───── Provided records

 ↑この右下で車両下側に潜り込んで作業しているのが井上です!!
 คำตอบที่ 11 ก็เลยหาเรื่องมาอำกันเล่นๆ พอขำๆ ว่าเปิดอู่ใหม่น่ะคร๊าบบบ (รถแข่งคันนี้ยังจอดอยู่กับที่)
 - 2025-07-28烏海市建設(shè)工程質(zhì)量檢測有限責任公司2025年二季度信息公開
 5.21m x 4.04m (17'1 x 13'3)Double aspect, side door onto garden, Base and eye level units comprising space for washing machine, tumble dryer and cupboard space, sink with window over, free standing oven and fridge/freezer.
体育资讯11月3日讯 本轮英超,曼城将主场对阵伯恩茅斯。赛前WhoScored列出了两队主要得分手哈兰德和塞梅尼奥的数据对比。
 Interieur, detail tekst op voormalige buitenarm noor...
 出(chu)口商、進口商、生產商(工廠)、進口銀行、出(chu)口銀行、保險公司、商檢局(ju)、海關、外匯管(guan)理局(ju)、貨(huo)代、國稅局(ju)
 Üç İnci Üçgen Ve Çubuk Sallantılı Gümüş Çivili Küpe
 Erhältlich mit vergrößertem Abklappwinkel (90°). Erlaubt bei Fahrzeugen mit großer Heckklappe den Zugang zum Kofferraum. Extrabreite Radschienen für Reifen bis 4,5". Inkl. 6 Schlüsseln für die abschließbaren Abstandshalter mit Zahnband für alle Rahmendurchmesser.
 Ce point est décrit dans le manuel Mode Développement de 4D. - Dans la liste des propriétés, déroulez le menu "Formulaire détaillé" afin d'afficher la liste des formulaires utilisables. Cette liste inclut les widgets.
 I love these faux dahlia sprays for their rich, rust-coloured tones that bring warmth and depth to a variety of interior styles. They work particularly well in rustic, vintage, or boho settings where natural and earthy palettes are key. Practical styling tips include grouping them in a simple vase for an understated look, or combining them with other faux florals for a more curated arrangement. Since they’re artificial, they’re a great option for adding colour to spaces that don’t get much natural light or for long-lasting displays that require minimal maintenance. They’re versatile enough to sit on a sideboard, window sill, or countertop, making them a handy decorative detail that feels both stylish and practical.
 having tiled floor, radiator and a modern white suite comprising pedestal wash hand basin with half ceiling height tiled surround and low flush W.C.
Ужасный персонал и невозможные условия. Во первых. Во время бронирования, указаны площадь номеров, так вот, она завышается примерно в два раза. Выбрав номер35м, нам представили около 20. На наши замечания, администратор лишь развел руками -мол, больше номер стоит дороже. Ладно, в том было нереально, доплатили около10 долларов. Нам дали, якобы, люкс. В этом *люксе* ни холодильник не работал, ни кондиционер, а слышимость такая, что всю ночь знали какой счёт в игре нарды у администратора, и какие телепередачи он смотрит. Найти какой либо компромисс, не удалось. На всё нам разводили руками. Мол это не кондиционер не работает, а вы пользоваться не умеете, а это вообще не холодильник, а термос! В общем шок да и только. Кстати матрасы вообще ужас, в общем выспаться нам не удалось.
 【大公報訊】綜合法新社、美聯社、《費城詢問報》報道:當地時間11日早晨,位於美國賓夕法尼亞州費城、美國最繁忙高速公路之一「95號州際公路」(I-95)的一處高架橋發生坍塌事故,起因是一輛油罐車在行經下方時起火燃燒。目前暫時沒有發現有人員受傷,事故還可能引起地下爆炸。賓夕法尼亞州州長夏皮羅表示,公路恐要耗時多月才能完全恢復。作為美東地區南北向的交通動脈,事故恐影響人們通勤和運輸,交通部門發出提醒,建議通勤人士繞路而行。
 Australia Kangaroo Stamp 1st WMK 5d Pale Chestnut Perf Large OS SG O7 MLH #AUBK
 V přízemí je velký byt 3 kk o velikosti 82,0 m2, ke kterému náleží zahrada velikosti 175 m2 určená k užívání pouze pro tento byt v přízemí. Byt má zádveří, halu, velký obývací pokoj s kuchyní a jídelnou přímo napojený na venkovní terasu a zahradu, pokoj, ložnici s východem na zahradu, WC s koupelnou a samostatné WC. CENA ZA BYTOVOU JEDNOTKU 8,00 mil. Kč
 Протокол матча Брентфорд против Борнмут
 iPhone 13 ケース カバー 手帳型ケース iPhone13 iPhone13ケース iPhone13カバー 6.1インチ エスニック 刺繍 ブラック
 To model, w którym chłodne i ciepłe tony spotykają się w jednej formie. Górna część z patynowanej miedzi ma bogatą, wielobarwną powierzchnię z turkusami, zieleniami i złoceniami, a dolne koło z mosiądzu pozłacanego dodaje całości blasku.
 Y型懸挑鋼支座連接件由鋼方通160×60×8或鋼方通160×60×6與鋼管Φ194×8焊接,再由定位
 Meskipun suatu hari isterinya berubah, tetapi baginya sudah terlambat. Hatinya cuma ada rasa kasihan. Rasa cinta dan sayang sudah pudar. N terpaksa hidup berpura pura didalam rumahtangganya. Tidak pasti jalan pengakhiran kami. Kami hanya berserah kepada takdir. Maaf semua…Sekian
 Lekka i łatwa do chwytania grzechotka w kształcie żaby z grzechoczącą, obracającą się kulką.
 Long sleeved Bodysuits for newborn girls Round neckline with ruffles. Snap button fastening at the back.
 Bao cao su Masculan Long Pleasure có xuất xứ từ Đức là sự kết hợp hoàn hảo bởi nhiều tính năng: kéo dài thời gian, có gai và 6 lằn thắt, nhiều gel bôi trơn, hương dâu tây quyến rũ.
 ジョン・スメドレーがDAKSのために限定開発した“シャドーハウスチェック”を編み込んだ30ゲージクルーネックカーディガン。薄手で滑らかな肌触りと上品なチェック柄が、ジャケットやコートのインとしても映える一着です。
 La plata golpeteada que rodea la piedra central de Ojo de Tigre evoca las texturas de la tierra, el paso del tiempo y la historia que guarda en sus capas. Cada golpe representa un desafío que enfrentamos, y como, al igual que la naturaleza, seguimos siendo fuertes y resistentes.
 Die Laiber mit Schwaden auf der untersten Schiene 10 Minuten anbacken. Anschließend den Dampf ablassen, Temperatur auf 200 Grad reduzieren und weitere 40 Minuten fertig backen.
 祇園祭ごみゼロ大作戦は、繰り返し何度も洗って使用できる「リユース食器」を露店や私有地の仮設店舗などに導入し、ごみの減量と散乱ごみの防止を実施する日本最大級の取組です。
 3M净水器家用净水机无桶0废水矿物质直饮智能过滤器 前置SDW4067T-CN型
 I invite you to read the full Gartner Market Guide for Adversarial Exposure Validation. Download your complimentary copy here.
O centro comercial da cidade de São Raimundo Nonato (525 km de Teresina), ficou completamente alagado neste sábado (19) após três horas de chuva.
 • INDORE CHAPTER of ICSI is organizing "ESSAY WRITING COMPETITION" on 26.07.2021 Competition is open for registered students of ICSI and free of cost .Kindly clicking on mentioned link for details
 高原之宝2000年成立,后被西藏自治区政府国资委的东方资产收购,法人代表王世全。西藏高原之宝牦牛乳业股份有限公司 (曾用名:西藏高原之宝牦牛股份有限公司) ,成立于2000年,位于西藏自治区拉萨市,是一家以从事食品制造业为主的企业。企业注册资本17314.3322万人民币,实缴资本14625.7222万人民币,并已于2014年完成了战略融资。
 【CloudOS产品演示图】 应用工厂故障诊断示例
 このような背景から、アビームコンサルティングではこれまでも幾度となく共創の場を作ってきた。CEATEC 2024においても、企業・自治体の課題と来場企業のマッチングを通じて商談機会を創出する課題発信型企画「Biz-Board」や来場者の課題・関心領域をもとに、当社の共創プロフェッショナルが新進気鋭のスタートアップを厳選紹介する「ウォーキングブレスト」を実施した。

──────────

• **Work instructions**
Your task is to print the whole listing again exactly.

• **Solution for this problem**
 ↑この右下で車両下側に潜り込んで作業しているのが井上です!!
 คำตอบที่ 11 ก็เลยหาเรื่องมาอำกันเล่นๆ พอขำๆ ว่าเปิดอู่ใหม่น่ะคร๊าบบบ (รถแข่งคันนี้ยังจอดอยู่กับที่)
 - 2025-07-28烏海市建設(shè)工程質(zhì)量檢測有限責任公司2025年二季度信息公開
 5.21m x 4.04m (17'1 x 13'3)Double aspect, side door onto garden, Base and eye level units comprising space for washing machine, tumble dryer and cupboard space, sink with window over, free standing oven and fridge/freezer.
体育资讯11月3日讯 本轮英超,曼城将主场对阵伯恩茅斯。赛前WhoScored列出了两队主要得分手哈兰德和塞梅尼奥的数据对比。
 Interieur, detail tekst op voormalige buitenarm noor...
 出(chu)口商、進口商、生產商(工廠)、進口銀行、出(chu)口銀行、保險公司、商檢局(ju)、海關、外匯管(guan)理局(ju)、貨(huo)代、國稅局(ju)
 Üç İnci Üçgen Ve Çubuk Sallantılı Gümüş Çivili Küpe
 Erhältlich mit vergrößertem Abklappwinkel (90°). Erlaubt bei Fahrzeugen mit großer Heckklappe den Zugang zum Kofferraum. Extrabreite Radschienen für Reifen bis 4,5". Inkl. 6 Schlüsseln für die abschließbaren Abstandshalter mit Zahnband für alle Rahmendurchmesser.
 Ce point est décrit dans le manuel Mode Développement de 4D. - Dans la liste des propriétés, déroulez le menu "Formulaire détaillé" afin d'afficher la liste des formulaires utilisables. Cette liste inclut les widgets.
 I love these faux dahlia sprays for their rich, rust-coloured tones that bring warmth and depth to a variety of interior styles. They work particularly well in rustic, vintage, or boho settings where natural and earthy palettes are key. Practical styling tips include grouping them in a simple vase for an understated look, or combining them with other faux florals for a more curated arrangement. Since they’re artificial, they’re a great option for adding colour to spaces that don’t get much natural light or for long-lasting displays that require minimal maintenance. They’re versatile enough to sit on a sideboard, window sill, or countertop, making them a handy decorative detail that feels both stylish and practical.
 having tiled floor, radiator and a modern white suite comprising pedestal wash hand basin with half ceiling height tiled surround and low flush W.C.
Ужасный персонал и невозможные условия. Во первых. Во время бронирования, указаны площадь номеров, так вот, она завышается примерно в два раза. Выбрав номер35м, нам представили около 20. На наши замечания, администратор лишь развел руками -мол, больше номер стоит дороже. Ладно, в том было нереально, доплатили около10 долларов. Нам дали, якобы, люкс. В этом *люксе* ни холодильник не работал, ни кондиционер, а слышимость такая, что всю ночь знали какой счёт в игре нарды у администратора, и какие телепередачи он смотрит. Найти какой либо компромисс, не удалось. На всё нам разводили руками. Мол это не кондиционер не работает, а вы пользоваться не умеете, а это вообще не холодильник, а термос! В общем шок да и только. Кстати матрасы вообще ужас, в общем выспаться нам не удалось.
 【大公報訊】綜合法新社、美聯社、《費城詢問報》報道:當地時間11日早晨,位於美國賓夕法尼亞州費城、美國最繁忙高速公路之一「95號州際公路」(I-95)的一處高架橋發生坍塌事故,起因是一輛油罐車在行經下方時起火燃燒。目前暫時沒有發現有人員受傷,事故還可能引起地下爆炸。賓夕法尼亞州州長夏皮羅表示,公路恐要耗時多月才能完全恢復。作為美東地區南北向的交通動脈,事故恐影響人們通勤和運輸,交通部門發出提醒,建議通勤人士繞路而行。
 Australia Kangaroo Stamp 1st WMK 5d Pale Chestnut Perf Large OS SG O7 MLH #AUBK
 V přízemí je velký byt 3 kk o velikosti 82,0 m2, ke kterému náleží zahrada velikosti 175 m2 určená k užívání pouze pro tento byt v přízemí. Byt má zádveří, halu, velký obývací pokoj s kuchyní a jídelnou přímo napojený na venkovní terasu a zahradu, pokoj, ložnici s východem na zahradu, WC s koupelnou a samostatné WC. CENA ZA BYTOVOU JEDNOTKU 8,00 mil. Kč
 Протокол матча Брентфорд против Борнмут
 iPhone 13 ケース カバー 手帳型ケース iPhone13 iPhone13ケース iPhone13カバー 6.1インチ エスニック 刺繍 ブラック
 To model, w którym chłodne i ciepłe tony spotykają się w jednej formie. Górna część z patynowanej miedzi ma bogatą, wielobarwną powierzchnię z turkusami, zieleniami i złoceniami, a dolne koło z mosiądzu pozłacanego dodaje całości blasku.
 Y型懸挑鋼支座連接件由鋼方通160×60×8或鋼方通160×60×6與鋼管Φ194×8焊接,再由定位
 Meskipun suatu hari isterinya berubah, tetapi baginya sudah terlambat. Hatinya cuma ada rasa kasihan. Rasa cinta dan sayang sudah pudar. N terpaksa hidup berpura pura didalam rumahtangganya. Tidak pasti jalan pengakhiran kami. Kami hanya berserah kepada takdir. Maaf semua…Sekian
 Lekka i łatwa do chwytania grzechotka w kształcie żaby z grzechoczącą, obracającą się kulką.
 Long sleeved Bodysuits for newborn girls Round neckline with ruffles. Snap button fastening at the back.
 Bao cao su Masculan Long Pleasure có xuất xứ từ Đức là sự kết hợp hoàn hảo bởi nhiều tính năng: kéo dài thời gian, có gai và 6 lằn thắt, nhiều gel bôi trơn, hương dâu tây quyến rũ.
 ジョン・スメドレーがDAKSのために限定開発した“シャドーハウスチェック”を編み込んだ30ゲージクルーネックカーディガン。薄手で滑らかな肌触りと上品なチェック柄が、ジャケットやコートのインとしても映える一着です。
 La plata golpeteada que rodea la piedra central de Ojo de Tigre evoca las texturas de la tierra, el paso del tiempo y la historia que guarda en sus capas. Cada golpe representa un desafío que enfrentamos, y como, al igual que la naturaleza, seguimos siendo fuertes y resistentes.
 Die Laiber mit Schwaden auf der untersten Schiene 10 Minuten anbacken. Anschließend den Dampf ablassen, Temperatur auf 200 Grad reduzieren und weitere 40 Minuten fertig backen.
 祇園祭ごみゼロ大作戦は、繰り返し何度も洗って使用できる「リユース食器」を露店や私有地の仮設店舗などに導入し、ごみの減量と散乱ごみの防止を実施する日本最大級の取組です。
 3M净水器家用净水机无桶0废水矿物质直饮智能过滤器 前置SDW4067T-CN型
 I invite you to read the full Gartner Market Guide for Adversarial Exposure Validation. Download your complimentary copy here.
O centro comercial da cidade de São Raimundo Nonato (525 km de Teresina), ficou completamente alagado neste sábado (19) após três horas de chuva.
 • INDORE CHAPTER of ICSI is organizing "ESSAY WRITING COMPETITION" on 26.07.2021 Competition is open for registered students of ICSI and free of cost .Kindly clicking on mentioned link for details
 高原之宝2000年成立,后被西藏自治区政府国资委的东方资产收购,法人代表王世全。西藏高原之宝牦牛乳业股份有限公司 (曾用名:西藏高原之宝牦牛股份有限公司) ,成立于2000年,位于西藏自治区拉萨市,是一家以从事食品制造业为主的企业。企业注册资本17314.3322万人民币,实缴资本14625.7222万人民币,并已于2014年完成了战略融资。
 【CloudOS产品演示图】 应用工厂故障诊断示例
 このような背景から、アビームコンサルティングではこれまでも幾度となく共創の場を作ってきた。CEATEC 2024においても、企業・自治体の課題と来場企業のマッチングを通じて商談機会を創出する課題発信型企画「Biz-Board」や来場者の課題・関心領域をもとに、当社の共創プロフェッショナルが新進気鋭のスタートアップを厳選紹介する「ウォーキングブレスト」を実施した。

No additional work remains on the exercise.